If online modes are a bit stunted by the weekly waits for leaderboards and new challenges, at least the couch competitive mode that allows for up to eight players (sorry anyone stuck with sideways Joy-Cons!) has more immediately accessible content at the ready. In this mode you can compete on one-off games or pre-packaged sets of microgames where points are doled out and a victor declared at the end. The main issue with these is, like in multiplayer WarioWare or Mario Party minigames, those who have practiced the microgames ahead of time will inevitably have a leg up.
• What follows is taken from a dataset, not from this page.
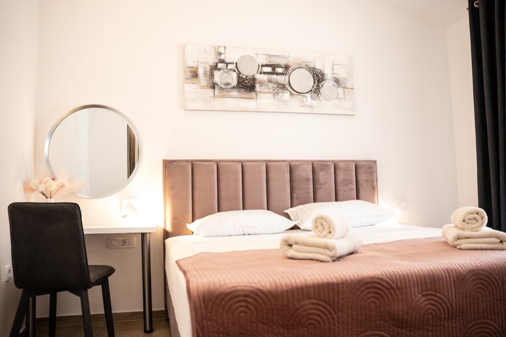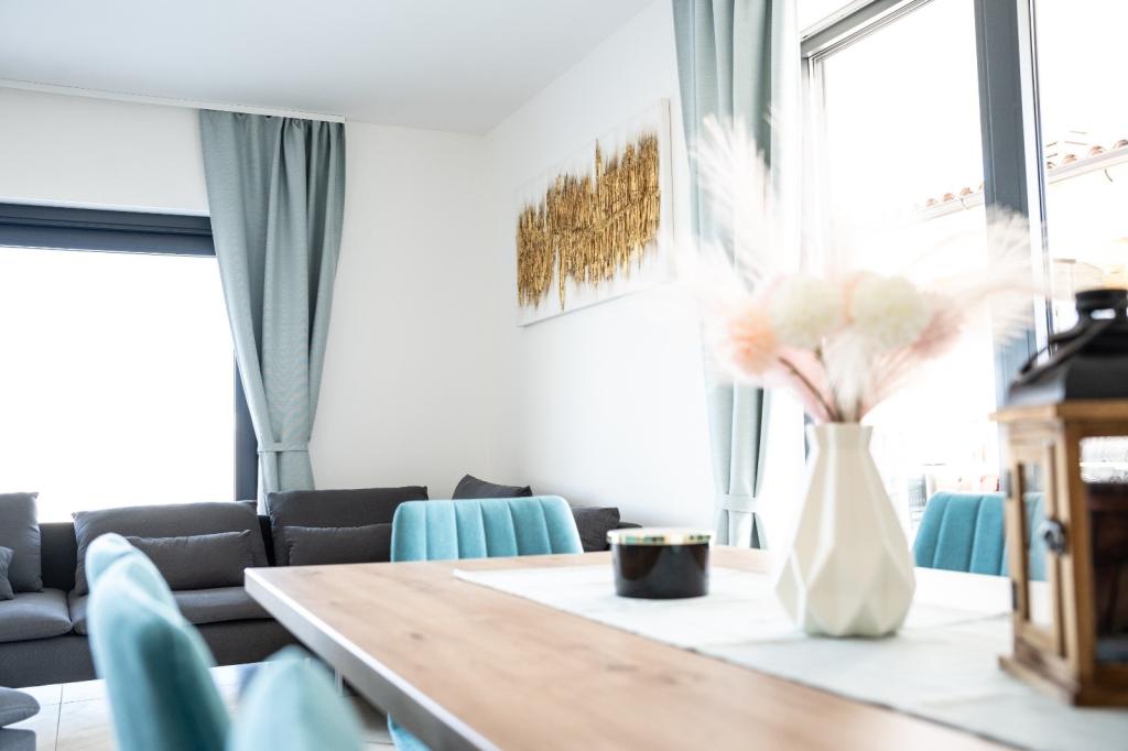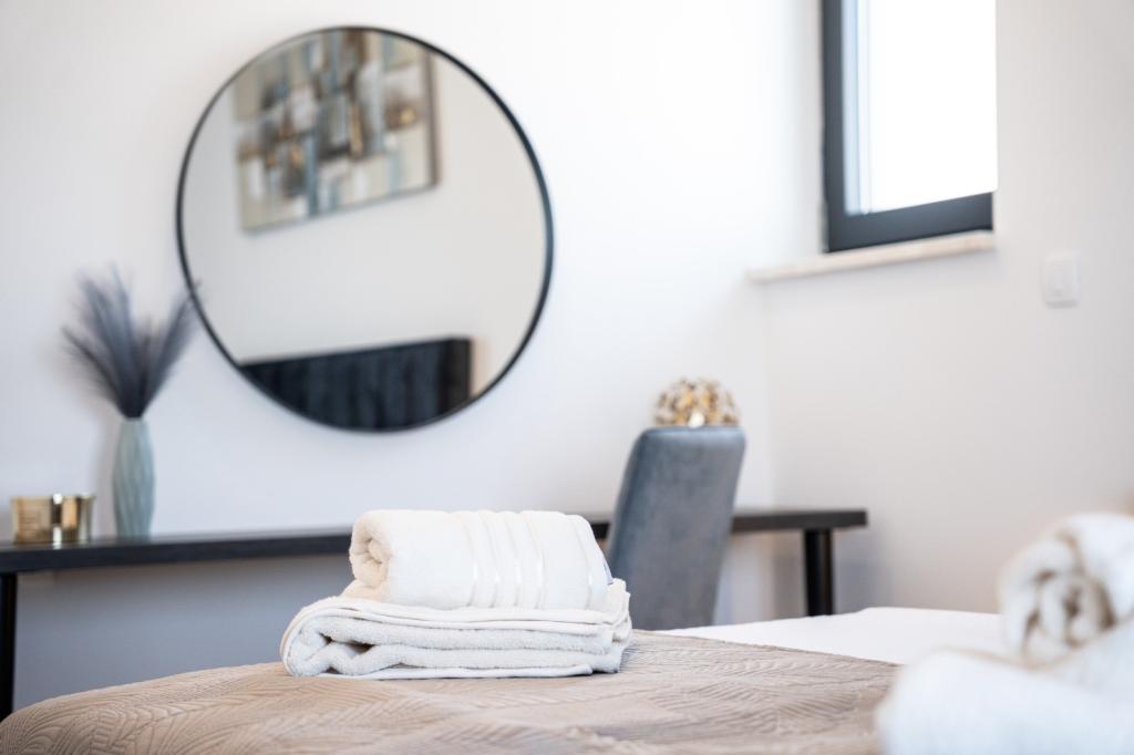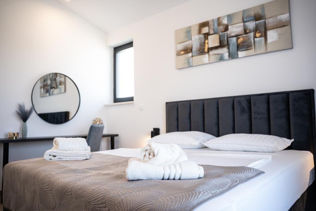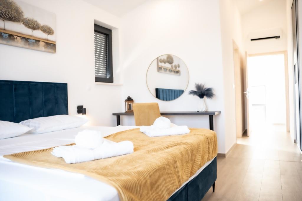 Ez a gyönyörű villa egy nagyon csendes helyen, Rebićiben, Barbanban található, mindössze 2,5 km-re a tengertől, természeti szépséggel és növényzettel körülvéve, így a gondtalan és tökéletes nyaralást szolgálja, távol a városi tömegtől, zajtól és forgalomtól. Tiszta időben a ház első emeletén lévő erkélyről a tengerre nyílik kilátás. Minden szobához saját terasz tartozik, ahol szükség esetén a magánélet és a béke pillanatait élvezheti. A villa nagyon modern berendezésű, az otthon hangulatát és melegét adva, 2023-ban épült, nagyon modern stílusban, és egy kültéri létesítmény is található benne szabadtéri konyhával, hűtőszekrénnyel és két grillezővel, gázzal és fával. -égő. A környezet speciálisan egy 10 x 3,8 méteres feszített víztükrű medence körüli modern strand és egy gyönyörű, régi olajfákkal és más különféle növényekkel díszített pázsit kombinációja, amely oázist teremt a kikapcsolódáshoz. az udvaron nyugágyak, napernyők és további lehetőségek, mint asztalitenisz, csocsó.

So inviting seven friends over to watch you win every time is a party foul until they catch up – it’s unlikely that anyone will get the exact pattern right to kill four Oktoroks in the most efficient manner possible on some random The Legend of Zelda screen without having practiced. Luckily, you can choose to practice each microgame as the competition proceeds.
Verdict
Like NES Remix and WarioWare before it, Nintendo World Championships: NES Edition offers a good way to revisit challenging moments from a selection of classic NES games. The small library has more winners than losers – the shorter and more instantly repeatable the better – and even the silliest of tasks (like refilling Kid Icarus’s life by wallowing in a hot spring) can be goofy fun. Challenging yourself to improve or competing with your friends has some lasting appeal, but the weekly cycle of the online events artificially limits the fun. With its lovingly portrayed and accurate pixel art, music, and gameplay, these sample-sized portions of chopped up ROMs can serve as a good entrypoint for discovering and understanding their appeal for the first time.